- [TASK ITEM]:
No pictures should appear. The lines from the beginning of the listing through the one holding "To configure the" must be reproduced exactly, and nothing more.
---------- RECORDS FOR THIS EXERCISE
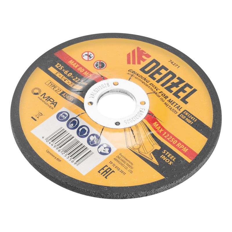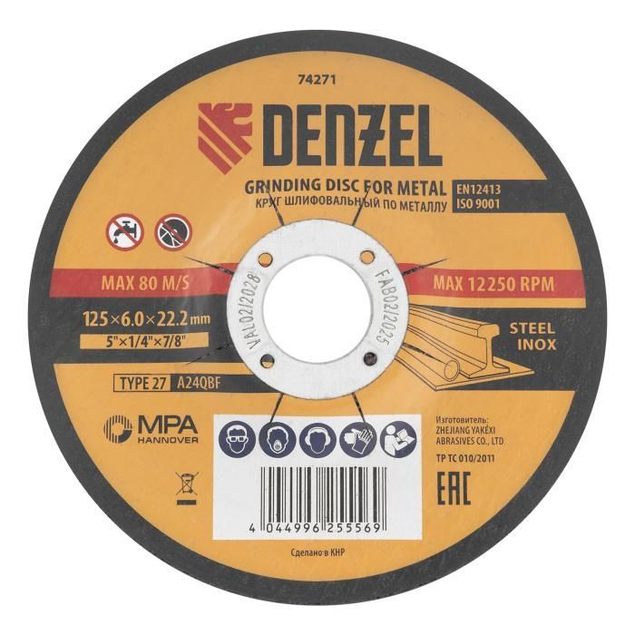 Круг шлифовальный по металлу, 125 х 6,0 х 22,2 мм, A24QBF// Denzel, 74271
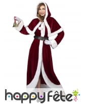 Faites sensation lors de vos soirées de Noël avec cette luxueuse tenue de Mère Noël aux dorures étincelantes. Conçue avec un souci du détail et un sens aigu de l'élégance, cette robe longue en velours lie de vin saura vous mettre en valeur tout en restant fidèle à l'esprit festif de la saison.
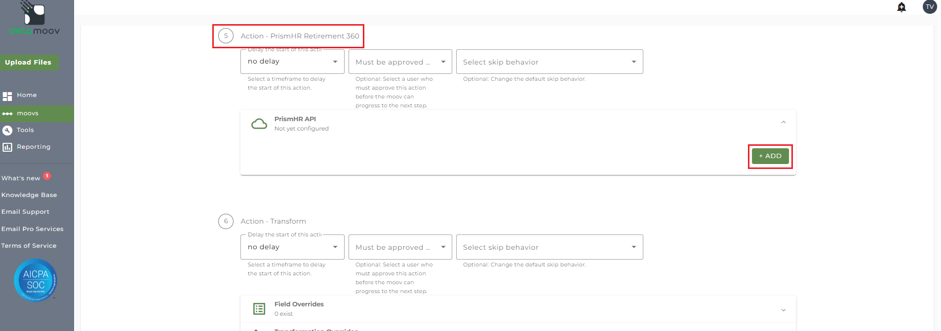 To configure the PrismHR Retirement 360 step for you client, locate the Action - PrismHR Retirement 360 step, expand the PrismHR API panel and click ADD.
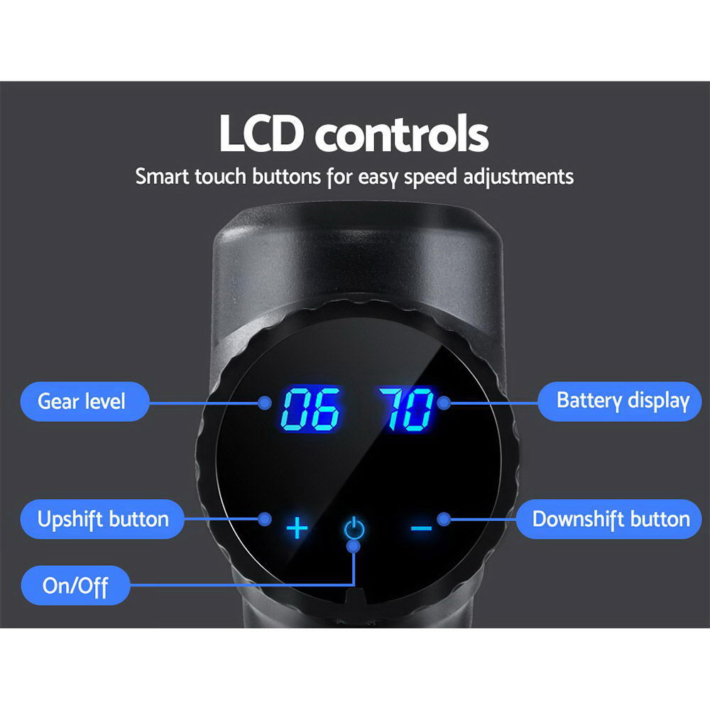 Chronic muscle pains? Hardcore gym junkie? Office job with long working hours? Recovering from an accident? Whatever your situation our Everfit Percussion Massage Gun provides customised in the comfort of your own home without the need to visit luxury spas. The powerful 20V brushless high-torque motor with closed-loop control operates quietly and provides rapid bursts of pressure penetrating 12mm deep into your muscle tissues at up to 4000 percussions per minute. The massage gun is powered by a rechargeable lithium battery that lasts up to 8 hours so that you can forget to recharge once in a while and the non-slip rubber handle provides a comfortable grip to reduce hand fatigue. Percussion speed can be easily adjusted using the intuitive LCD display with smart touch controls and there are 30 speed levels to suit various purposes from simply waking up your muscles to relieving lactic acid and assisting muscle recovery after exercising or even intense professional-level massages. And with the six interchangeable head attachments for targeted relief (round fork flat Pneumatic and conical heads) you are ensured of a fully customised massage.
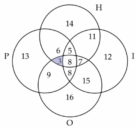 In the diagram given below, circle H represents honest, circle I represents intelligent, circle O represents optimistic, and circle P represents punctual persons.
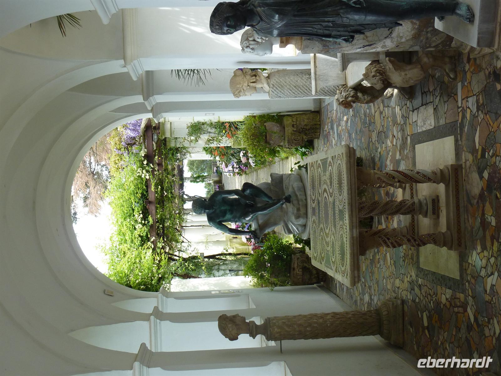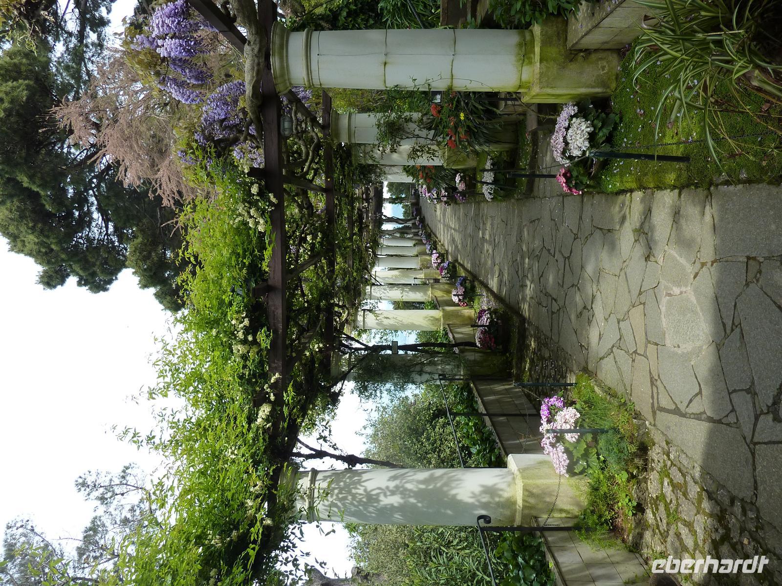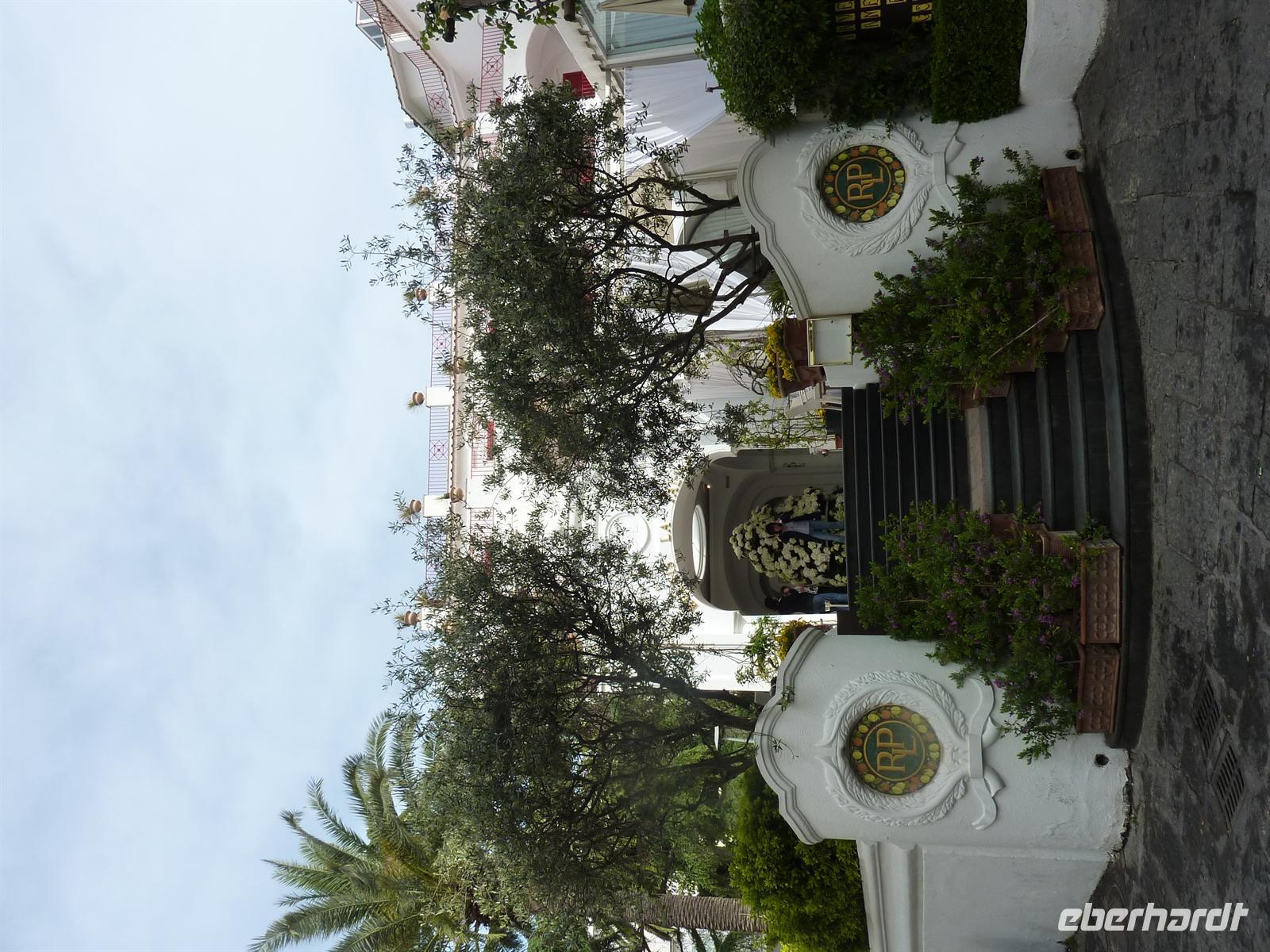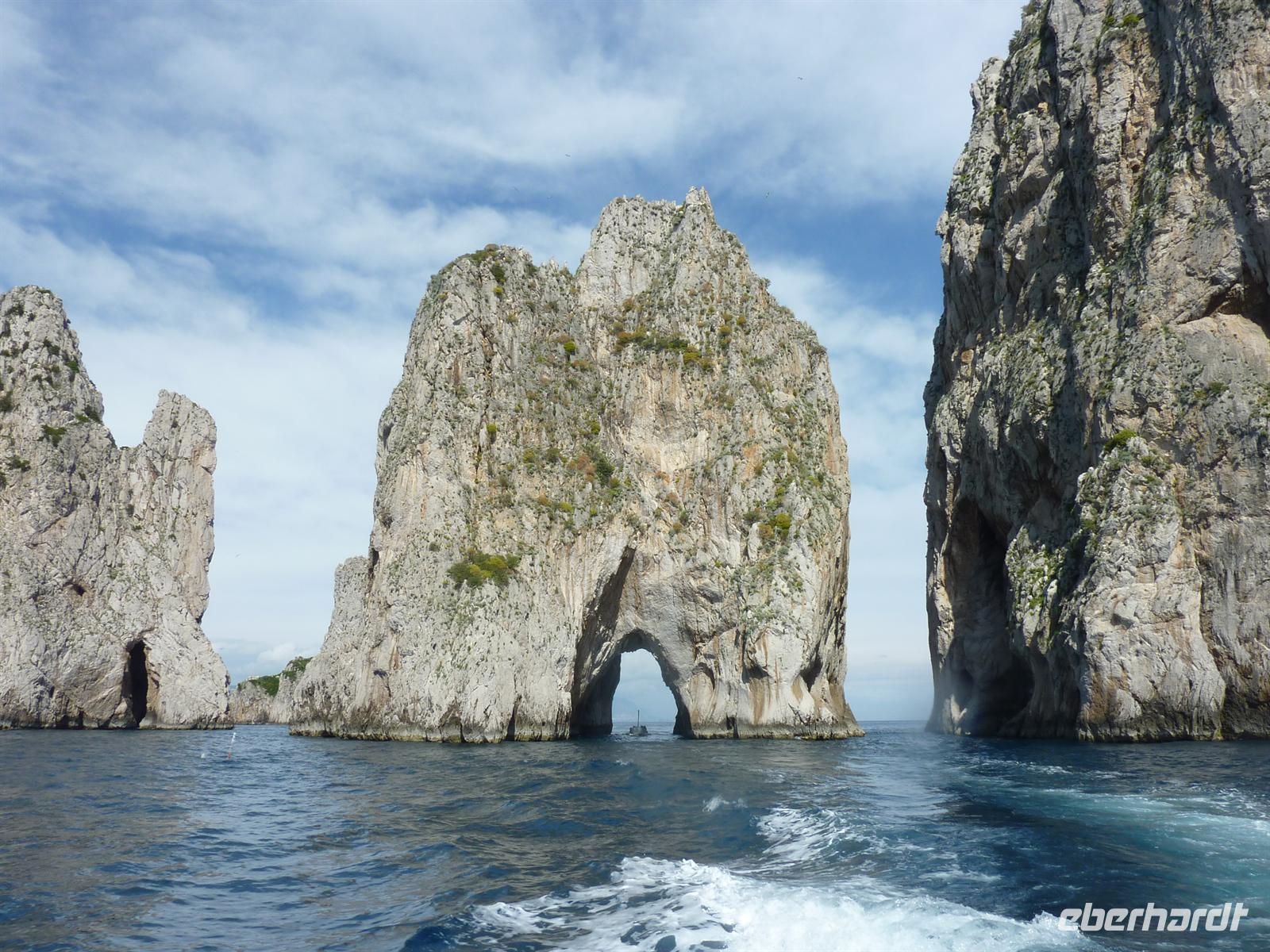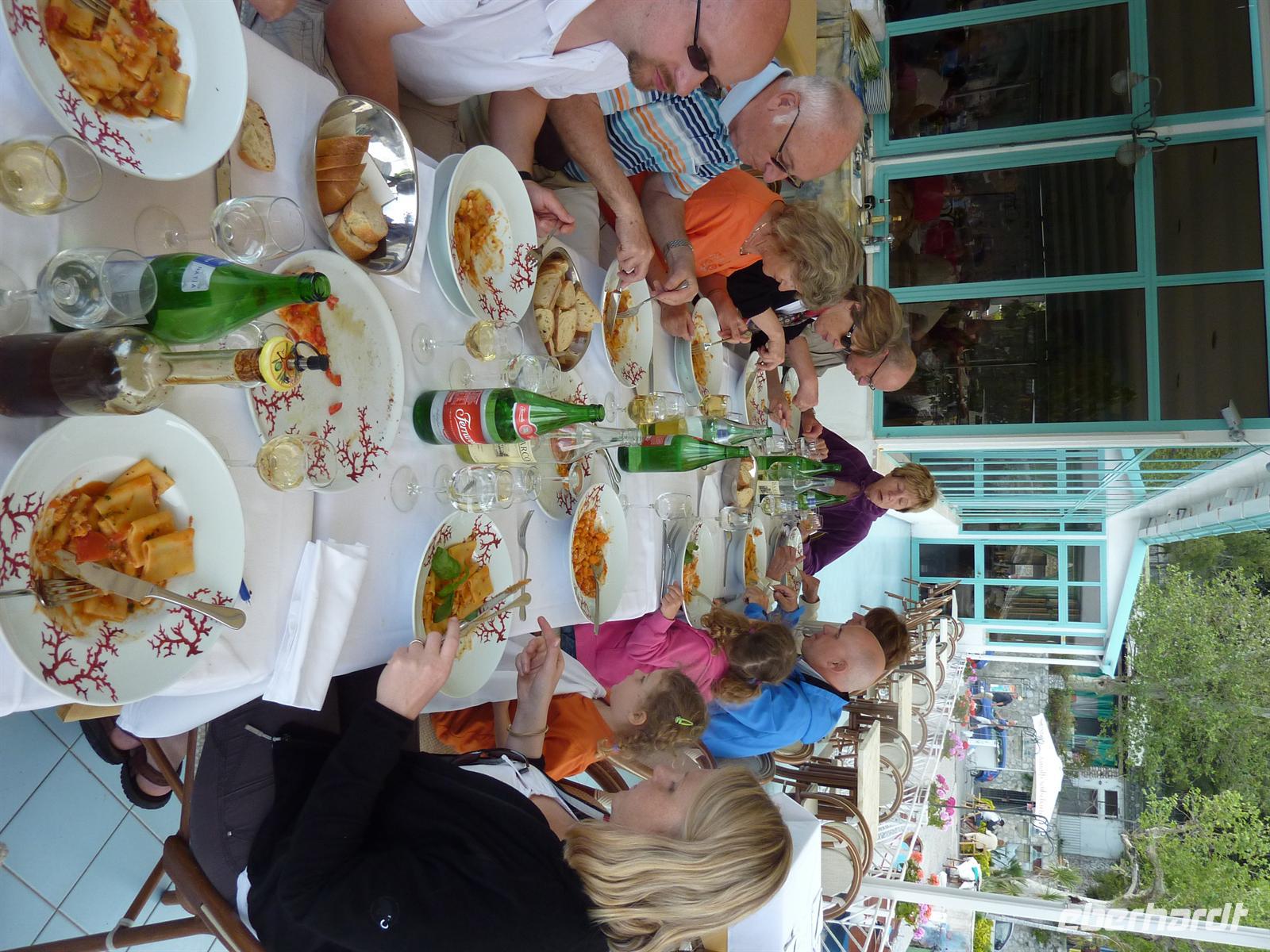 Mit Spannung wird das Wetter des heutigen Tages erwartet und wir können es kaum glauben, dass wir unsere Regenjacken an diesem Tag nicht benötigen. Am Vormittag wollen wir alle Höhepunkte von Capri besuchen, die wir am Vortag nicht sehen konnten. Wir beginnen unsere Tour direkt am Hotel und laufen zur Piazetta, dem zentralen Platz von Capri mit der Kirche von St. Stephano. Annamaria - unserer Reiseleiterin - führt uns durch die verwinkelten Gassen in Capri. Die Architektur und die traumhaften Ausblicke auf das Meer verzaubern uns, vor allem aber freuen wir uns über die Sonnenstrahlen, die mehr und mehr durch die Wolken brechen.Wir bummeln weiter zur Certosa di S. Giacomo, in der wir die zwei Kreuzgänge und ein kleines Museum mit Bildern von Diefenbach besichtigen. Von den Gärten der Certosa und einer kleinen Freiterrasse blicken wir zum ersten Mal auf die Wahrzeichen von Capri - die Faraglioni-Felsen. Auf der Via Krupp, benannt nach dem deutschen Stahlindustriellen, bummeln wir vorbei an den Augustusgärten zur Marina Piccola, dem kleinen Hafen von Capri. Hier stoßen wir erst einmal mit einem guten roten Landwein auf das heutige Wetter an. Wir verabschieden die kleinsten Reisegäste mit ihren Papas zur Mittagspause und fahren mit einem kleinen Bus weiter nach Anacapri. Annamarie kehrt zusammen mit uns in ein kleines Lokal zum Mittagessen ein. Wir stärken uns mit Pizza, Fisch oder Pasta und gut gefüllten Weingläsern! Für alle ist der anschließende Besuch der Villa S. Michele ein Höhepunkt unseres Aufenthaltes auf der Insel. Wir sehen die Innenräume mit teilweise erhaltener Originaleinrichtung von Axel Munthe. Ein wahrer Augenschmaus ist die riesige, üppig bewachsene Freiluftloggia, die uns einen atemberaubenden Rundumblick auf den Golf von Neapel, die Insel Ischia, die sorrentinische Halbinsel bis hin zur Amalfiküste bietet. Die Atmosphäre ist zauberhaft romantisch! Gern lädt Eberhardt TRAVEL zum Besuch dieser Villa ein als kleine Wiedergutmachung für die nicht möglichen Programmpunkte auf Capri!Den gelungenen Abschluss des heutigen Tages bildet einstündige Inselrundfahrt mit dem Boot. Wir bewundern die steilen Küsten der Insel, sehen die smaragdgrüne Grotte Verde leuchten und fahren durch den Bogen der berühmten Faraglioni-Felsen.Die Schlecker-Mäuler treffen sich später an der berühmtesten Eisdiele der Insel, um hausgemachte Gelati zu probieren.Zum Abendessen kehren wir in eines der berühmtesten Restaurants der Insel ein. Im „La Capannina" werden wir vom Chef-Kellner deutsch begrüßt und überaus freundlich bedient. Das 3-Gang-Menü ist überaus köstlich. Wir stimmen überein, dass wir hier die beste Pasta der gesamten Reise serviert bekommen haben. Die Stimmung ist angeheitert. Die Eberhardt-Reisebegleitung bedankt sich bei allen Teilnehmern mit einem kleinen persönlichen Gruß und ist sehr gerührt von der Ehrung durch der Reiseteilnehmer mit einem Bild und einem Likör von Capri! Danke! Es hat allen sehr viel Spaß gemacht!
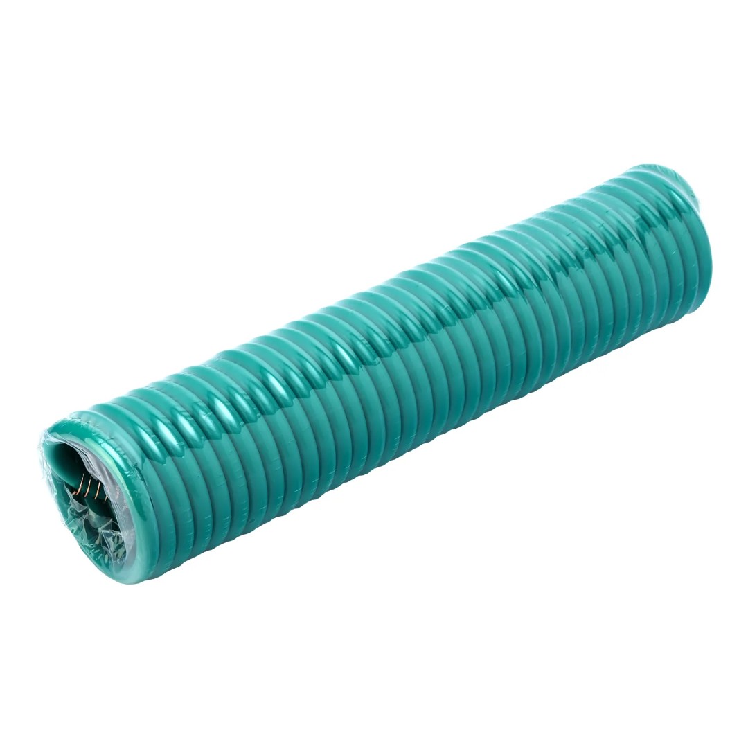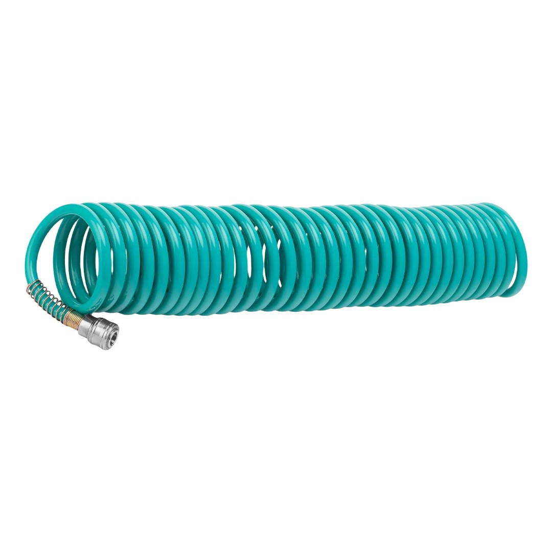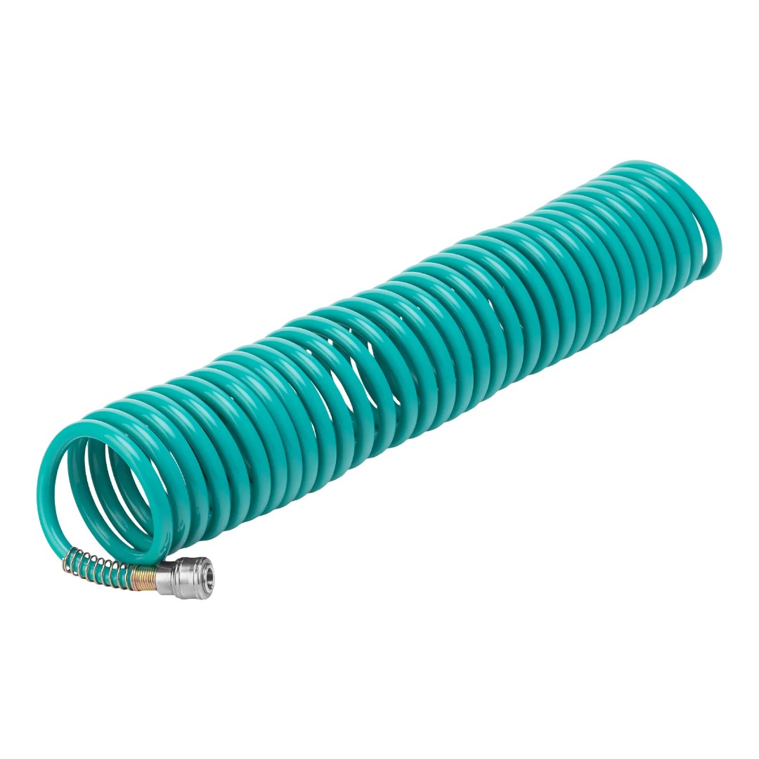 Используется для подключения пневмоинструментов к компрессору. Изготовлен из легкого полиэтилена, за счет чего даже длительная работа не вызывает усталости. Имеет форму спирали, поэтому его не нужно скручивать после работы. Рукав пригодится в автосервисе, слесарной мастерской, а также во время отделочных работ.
--------------------
- [SOLUTION BELOW]:
 Круг шлифовальный по металлу, 125 х 6,0 х 22,2 мм, A24QBF// Denzel, 74271
 Faites sensation lors de vos soirées de Noël avec cette luxueuse tenue de Mère Noël aux dorures étincelantes. Conçue avec un souci du détail et un sens aigu de l'élégance, cette robe longue en velours lie de vin saura vous mettre en valeur tout en restant fidèle à l'esprit festif de la saison.
 To configure the PrismHR Retirement 360 step for you client, locate the Action - PrismHR Retirement 360 step, expand the PrismHR API panel and click ADD.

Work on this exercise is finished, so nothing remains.